No creo que en todos los países de América sea como tú dices. Por ejemplo yo uso tanto "me levanté" como "me he levantado", y creo que ambas son correctas, claro que la última debería ser usada cuando se refiere a un "pasado cercano".

Feliz año para ti también y para todos!


----------



## Arise

Cecilio said:
			
		

> Hola a todos!
> 
> Volviendo al tema de "le pedí/le he pedido", yo creo que aquí hay realmente una diferencia RADICAl entre el español de España y el español de América. Y es bueno que los que aprenden español lo sepan.
> 
> En español de España, cuando utilizamos un pretérito indefinido como "le pedí" estamos situando la acción en un momento anterior a "hoy". "Le pedí" quiere decir AYER o en algún momento antes de ayer. En cambio, una frase con "he pedido" se refiere a HOY, o al menos tiene algo que ver con el momento presente.
> 
> En el español de América, y en algunas regiones de España (Asturias, Galicia), se utiliza el pretérito indefinido en frases que se refieren a cosas hechas HOY: "Hoy me levanté a las diez". Esa frase es IMPOSIBLE para los demás hablantes de español peninsular. Yo diría "Hoy me he levantado a las diez".
> 
> Teniendo en cuenta estas líneas generales, está claro que para el hablante de español peninsular la frase "Le pedí que me llame a las tres" no sólo suena extraña, sino francamente incorrecta. Cuando digo "le pedí" me sitúo en un punto del pasado que se aleja del momento presente, y por tanto debo decir "que me llamara". Sin embargo, si digo "Le he pedido que me llame", aquí no hay problema alguno, porque "le he pedido" entra en la esfera del presente.
> 
> Estas diferencias en el uso de los tiempos verbales son muy importantes. La persona que aprende español debe ser consciente de que entre una variante y otra del español existen esas diferencias.
> 
> Algo parecido ocurre en inglés, pues entre el inglés de EEUU y el británico se dan también algunas diferencias en el uso de los verbos en pasado. Esto, para el que intenta aprender inglés, es una complicación añadida.
> 
> Feliz año a todos!


 

Siento decirte que no estoy de acuerdo contigo corazón. Yo soy de Madrid (hablante del español peninsular), y no me suena nada mal decir "le pedí que me llamara a las tres" cuando me lo dicen, por ejemplo a las 19 de la tarde. No es que el pretérito perfecto simple (o indefinido como vosotros le llamáis) se refiera a ayer o más atrás, se refiere a que la acción YA HA CONCLUÍDO, no a cuándo se realizó. Así, lo que sí podemos asegurar, es que yo LE PEDÍ QUE ME LLAMARA A LAS TRES, lo que no quiere decir que me haya llamado...¿me explico?

Arise.


----------



## Arise

Rayines said:
			
		

> *Descartado totalmente el tema de la senilidad (no sé si el de la mía...) pero quiero hacer una pequeña aclaración: pienso que lo que es obligatorio, u obligatorio superfluo (qué lío... ) es el uso del pronombre acompañando al objeto indirecto: "Les pidió a las autoridades....". Pero no es obligatorio en sí el objeto indirecto con el verbo pedir, ni siquiera el objeto directo (creo), porque puedes decir: "Pidió, pidió y pidió, y no fue escuchado por las autoridades". (Ahí metes a las autoridades también, pero no hay O.D. ni I.).*


 
Tampoco es cierto que con verbos como pedir sea imprescindible el Objeto indirecto. Por ejemplo;

_ Pedí una guitarra como regalo.

Aquí tenemos el verbo "pedir" y no hay objeto indirecto. Yo no te digo a quién le pedí la guitarra, que sería el indirecto, te digo que pedí una guitarra que es complemento directo!!.

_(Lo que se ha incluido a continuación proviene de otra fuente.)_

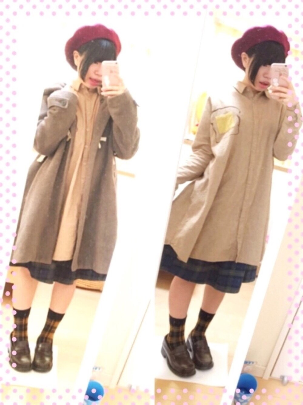 みなさんこんちにわ! チェック×チェックコーデです(^O^☆♪ スカートに深緑のチェック、靴下に黄色のチェックをつかって遊んでみました☺️🌈 赤色のベレー帽をつかってさらに遊び心を取り入れてみたり😚🤞🤞🤞 他はブラウンでまとめて統一感を出しました❣️ この日はわたしの大好きなブランドのバイトの面接を受けてきました🙊💕 きっと年明けすぐに嬉しい発表ができると思います!!!! 楽しみにしておいて大丈夫だと思います笑 ではでは! 良いお年を❣️❣️❣️

Espero ser de ayuda, Arise.

FELIZ AÑO!!!


----------



## Arise

Rayines said:
			
		

> *Descartado totalmente el tema de la senilidad (no sé si el de la mía...) pero quiero hacer una pequeña aclaración: pienso que lo que es obligatorio, u obligatorio superfluo (qué lío... ) es el uso del pronombre acompañando al objeto indirecto: "Les pidió a las autoridades....". Pero no es obligatorio en sí el objeto indirecto con el verbo pedir, ni siquiera el objeto directo (creo), porque puedes decir: "Pidió, pidió y pidió, y no fue escuchado por las autoridades". (Ahí metes a las autoridades también, pero no hay O.D. ni I.).*


 
Je je je...vamos a rizar el rizo. Bueno, primero aclarar que la gramática española es muy complicada (admiro a los que intentan aprender este idioma y consiguen hablarlo medianamente bien).

En el caso que aquí nos pones "Pidió y pidió y no fue escuchado por las autoridades", efectivamente no existe el C.D ni el C.I., PERO sin duda no es una oración simple. Es decir, el verbo pedir no necesita C.I., pero SÍ NECESITA EL DIRECTO. Tu oración no lo lleva porque no está completa. No tiene sentido por sí sola porque no ofrece información y la pregunta obligatoria que te haría el receptor (el que escucha o lee) sería "¿qué pidió?". Es decir, con el verbo "pedir" el complemento directo tiene que estar, aunque sea en otra frase (en el contexto en que sea expresada).

Olé ahí!! JAJAJAJA. ¿Algo más?


----------



## Cecilio

Hola,

Gisele73 y Kaia, tenéis razón. Yo expuse un esquema simplificado entre el español de América y el de España, y ese esquema puede detallarse mucho más: podríamos ir país por país viendo posibles excepciones y usos diversos, ¿por qué no? Por lo demás, el concepto de "correcto" es muy relativo. Es evidente que si oigo a alguien de Buenos Aires decir "Hoy me compré unas gafas", lo voy a entender sin problemas y pensaré que lo que dice es perfectamente correcto, pero yo diría "Hoy me he comprado unas gafas". Y también diría "Ayer me compré unas gafas".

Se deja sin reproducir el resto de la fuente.